◆ **Try it**
Retype the listing below line for line, but only from the line with "自 1998 年依托七彩云南旅游事业初涉云茶产业起,七彩云南®庆沣祥®便以" down to the line with "BFS 316L Çelik", inclusive. Pictures stay out.

◆ **Recorded data**

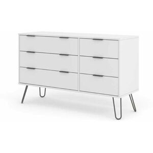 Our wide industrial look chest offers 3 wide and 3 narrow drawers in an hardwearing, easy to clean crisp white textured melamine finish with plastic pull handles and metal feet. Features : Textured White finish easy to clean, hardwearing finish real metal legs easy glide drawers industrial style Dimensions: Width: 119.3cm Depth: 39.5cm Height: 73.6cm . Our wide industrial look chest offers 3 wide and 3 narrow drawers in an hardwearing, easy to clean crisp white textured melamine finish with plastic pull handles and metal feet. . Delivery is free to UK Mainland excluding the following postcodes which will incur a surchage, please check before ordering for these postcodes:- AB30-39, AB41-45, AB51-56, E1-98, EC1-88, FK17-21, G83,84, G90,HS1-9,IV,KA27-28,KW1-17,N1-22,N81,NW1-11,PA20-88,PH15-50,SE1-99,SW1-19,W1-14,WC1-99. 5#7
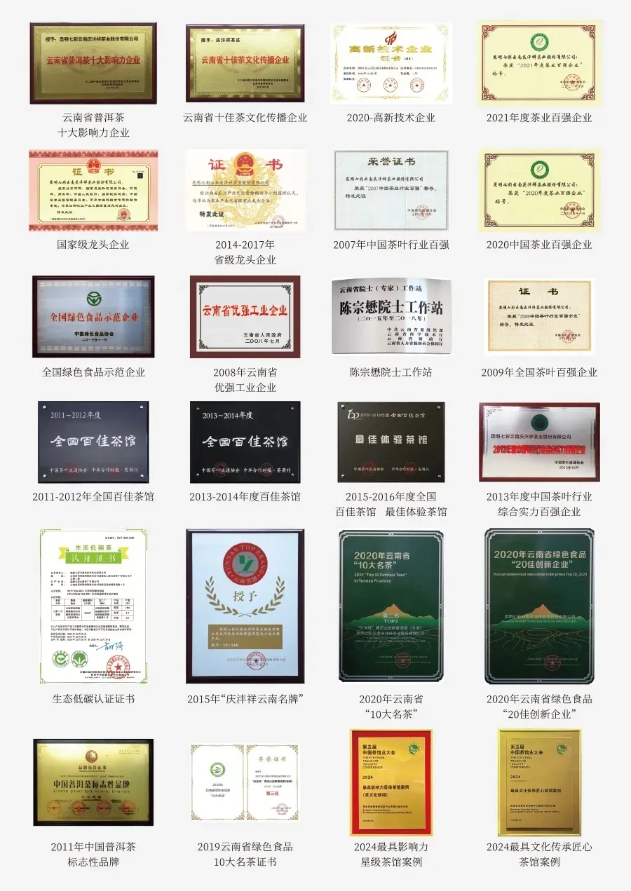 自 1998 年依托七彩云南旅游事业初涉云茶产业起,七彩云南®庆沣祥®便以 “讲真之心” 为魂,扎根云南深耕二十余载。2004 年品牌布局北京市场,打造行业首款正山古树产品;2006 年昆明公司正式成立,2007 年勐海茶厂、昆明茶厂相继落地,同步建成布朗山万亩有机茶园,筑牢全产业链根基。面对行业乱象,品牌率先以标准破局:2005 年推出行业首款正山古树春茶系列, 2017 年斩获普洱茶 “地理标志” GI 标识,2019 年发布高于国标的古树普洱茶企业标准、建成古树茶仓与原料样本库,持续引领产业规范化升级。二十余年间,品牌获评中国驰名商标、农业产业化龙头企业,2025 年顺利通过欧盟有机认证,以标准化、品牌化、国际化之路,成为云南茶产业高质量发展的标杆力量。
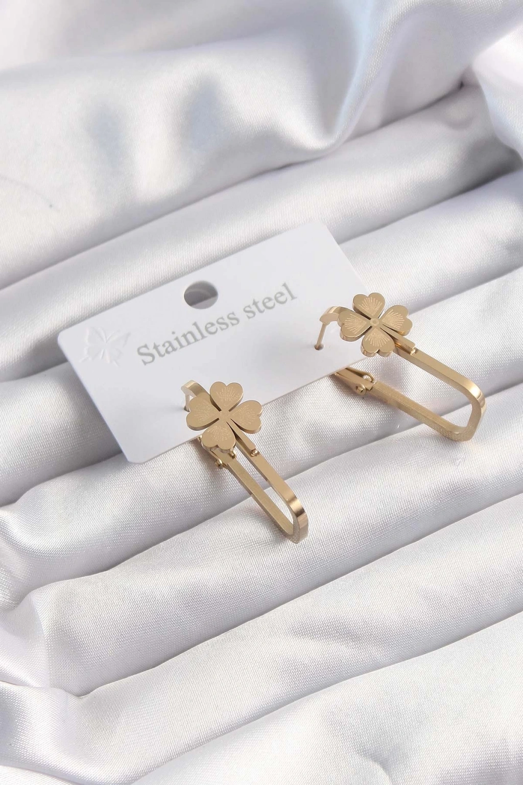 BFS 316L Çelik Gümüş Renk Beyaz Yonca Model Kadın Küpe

* * *

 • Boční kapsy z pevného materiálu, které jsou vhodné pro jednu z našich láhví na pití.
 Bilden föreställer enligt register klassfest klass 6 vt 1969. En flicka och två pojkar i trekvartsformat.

◆ **Reply**
 自 1998 年依托七彩云南旅游事业初涉云茶产业起,七彩云南®庆沣祥®便以 “讲真之心” 为魂,扎根云南深耕二十余载。2004 年品牌布局北京市场,打造行业首款正山古树产品;2006 年昆明公司正式成立,2007 年勐海茶厂、昆明茶厂相继落地,同步建成布朗山万亩有机茶园,筑牢全产业链根基。面对行业乱象,品牌率先以标准破局:2005 年推出行业首款正山古树春茶系列, 2017 年斩获普洱茶 “地理标志” GI 标识,2019 年发布高于国标的古树普洱茶企业标准、建成古树茶仓与原料样本库,持续引领产业规范化升级。二十余年间,品牌获评中国驰名商标、农业产业化龙头企业,2025 年顺利通过欧盟有机认证,以标准化、品牌化、国际化之路,成为云南茶产业高质量发展的标杆力量。
 BFS 316L Çelik Gümüş Renk Beyaz Yonca Model Kadın Küpe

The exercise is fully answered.